His prolific output didn’t escape the attention of the search committee that hired him. Dr. Samuel Preston, dean of the School of Arts and Sciences, notes with no small amazement that “we assembled 140 pages of book reviews” on Dyson’s books when considering his candidacy. “This is 10 years beyond his Ph.D. He’s attracted an extraordinary amount of interest from scholars and intellectuals.”

Dyson’s hiring came out of Preston’s appointment of an interdepartmental search committee to increase the representation of African-American faculty and scholars working on African-American issues at Penn. Chaired by Dr.
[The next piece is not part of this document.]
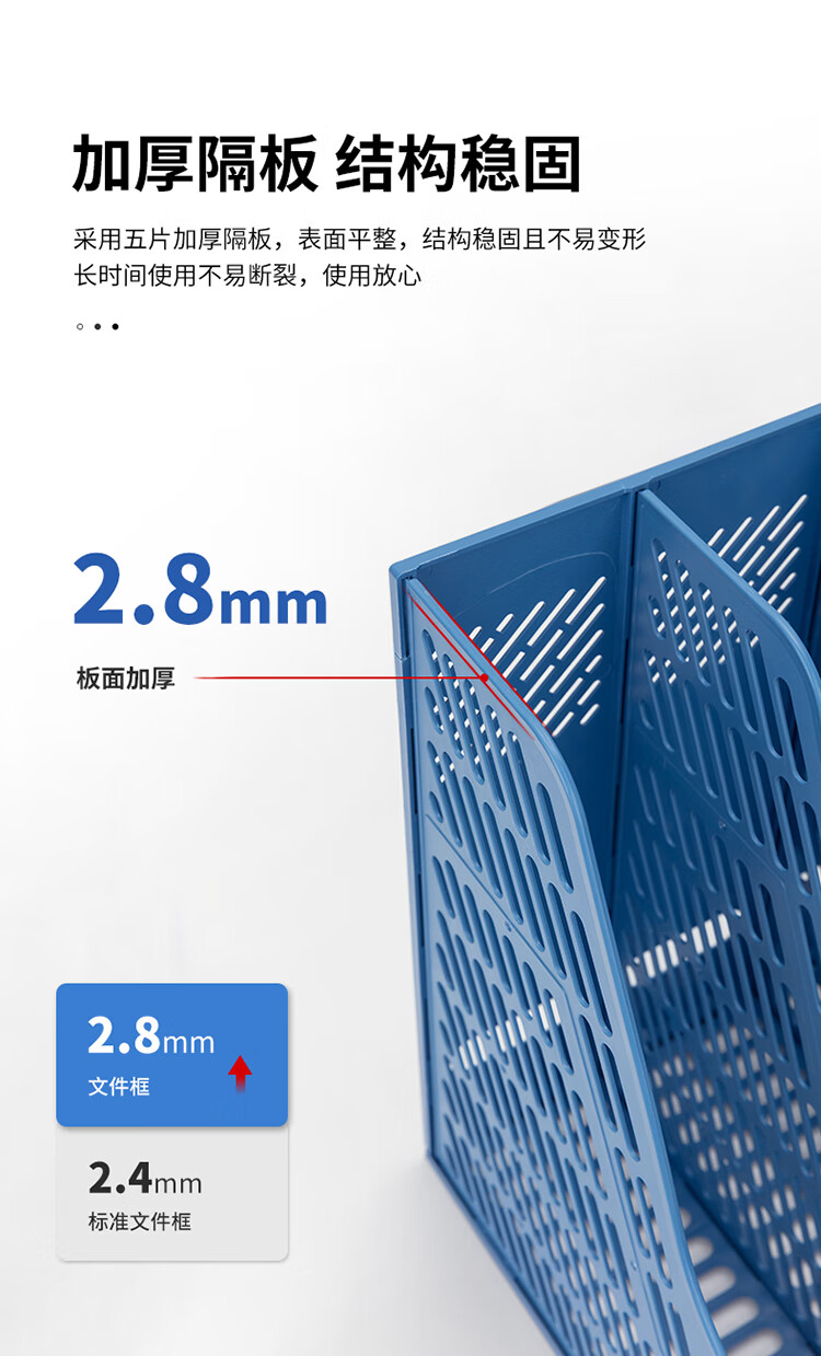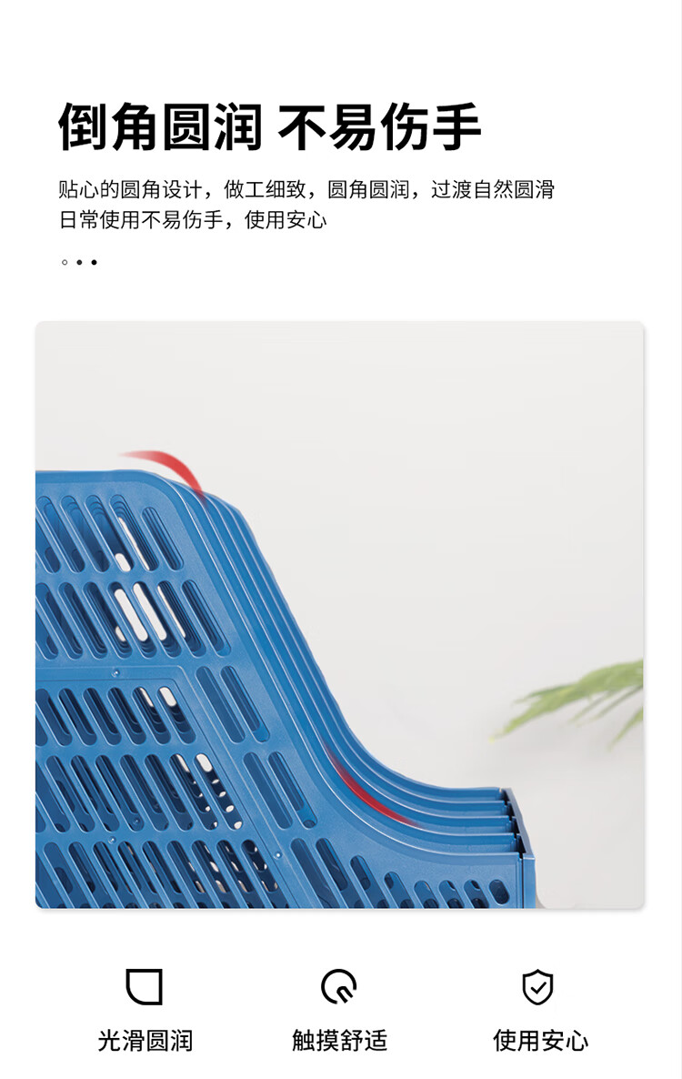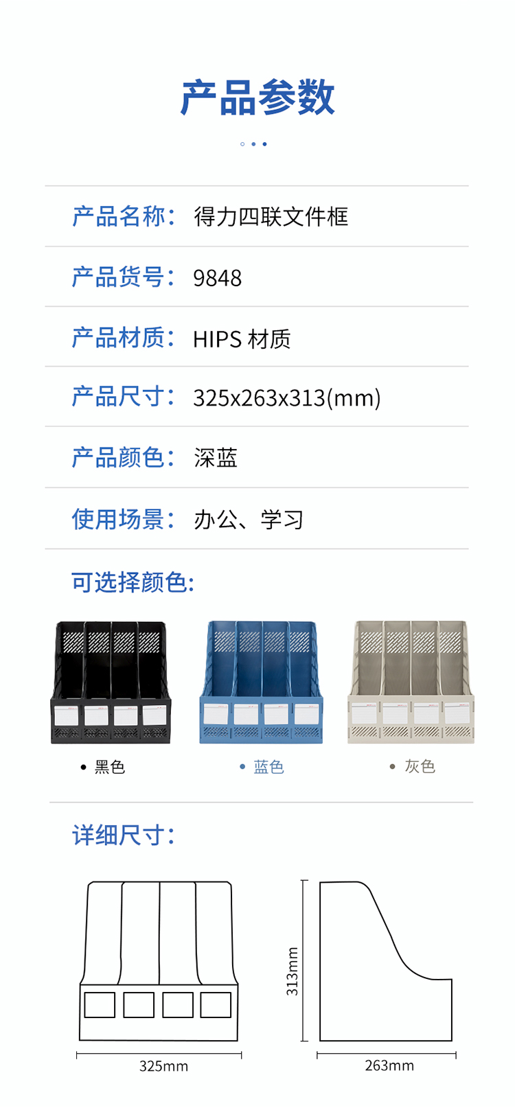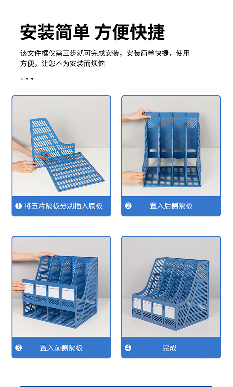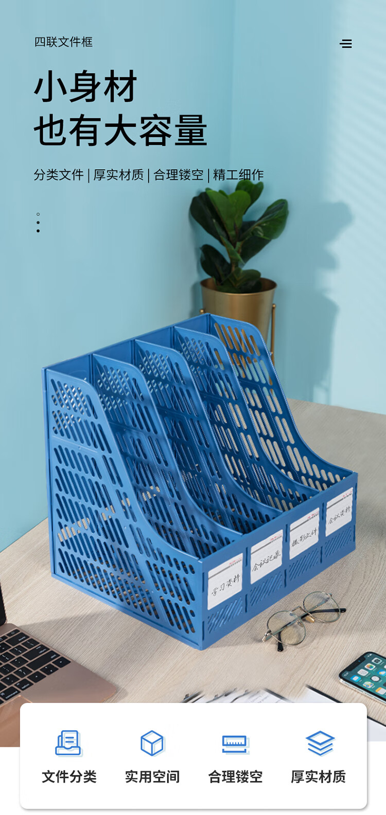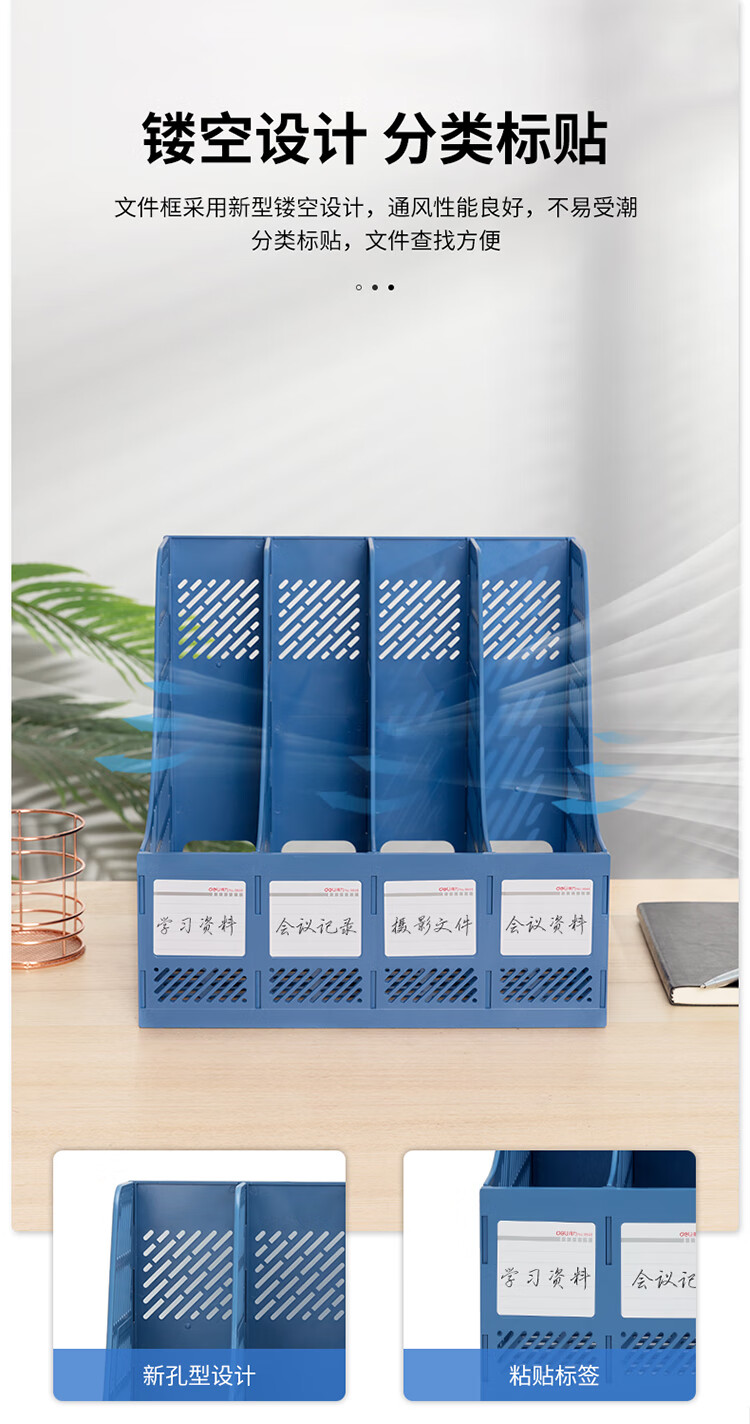 得力/deli 9848 文件筐 4联镂空桌面文件框栏书立架档案收纳盒 办公室带标签资料文件置物架书本资料收纳神器 蓝色

Tukufu Zuberi, director of Penn’s Center for Africana Studies and professor of sociology, the committee brought a number of people to campus, including Dyson, who gave a “dazzling” public lecture and “left a clear impression of an enormously talented man who was willing to consider coming to Penn,” Preston says.

With his expertise in cultural studies, religious studies, and African-American studies, the search committee felt that Dyson “was an ideal candidate for what we wanted to do in developing the future of the Center for Africana Studies,” says Zuberi. “We thought he would bring a unique set of characteristics that would enhance the quality of scholarship and the quality of teaching in the program. 

“We thought he was doing some breathtaking and pathbreaking research,” Zuberi adds, calling Dyson’s analyses about African-American icons such as King, Malcolm X, and Shakur “an ingenious way of raising the question about who are the important people, and why do we have icons, and what is their place and purpose in the society.”

The chairman of the religious-studies department at DePaul, where Dyson last taught, was less enthusiastic in his appraisal of the departed professor. Quoted in the January 23 Philadelphia Inquirer, Rev. Jim Halstead said, “He’s part of a big system that pays superstars and is impressed with them, but in terms of what it does for students, that’s a very interesting question.” 

“Superstar intellectuals are nothing new in American society,” responds Penn’s Zuberi with some amusement. “And having very famous and engaging scholars is nothing new for the University of Pennsylvania,” or for Africana Studies at Penn. “I mean Mary Frances Berry is on our faculty, Kenneth Shropshire is on our faculty. Elijah Anderson is on our faculty.”

“Unlike some other institutions,” Zuberi says, “Penn is large enough for [Dyson] to find a very comfortable space. He is not going to be standing out there alone. He has a lot of colleagues who are standing there with him, and who are actually supporting the kind of research he is doing. We’re not going to be intimidated by him being a star.”

Preston, the SAS dean, also has no problems with professors in the role of public intellectuals, as long as they make time for scholarship. “I think the evidence is this is a man who can do both,” he says, “and I certainly don’t want to discourage it.”

Which is good for Dyson, who thrives in the spotlight. “You try to get better and better,” he says. “You want to get sharper, smarter, more insightful, more concise, all in terms of the public stuff, and in your own work, you want to get deeper and broader and more capable of doing what you do well.”

In debates he enjoys surprising people who are used to only “right-wingers being sharp and hard and feisty. I try to do that from a left perspective. I try to give as good as I get.” Dyson does have a softer side off the dais, though. He once came to the aid of Affirmative Action foe Linda Chavez when she fell down on the way to their debate. “She was ‘Oh, bless your heart!’ as I helped her up and tried to dust her off. Then we went at it that night. No mercy.”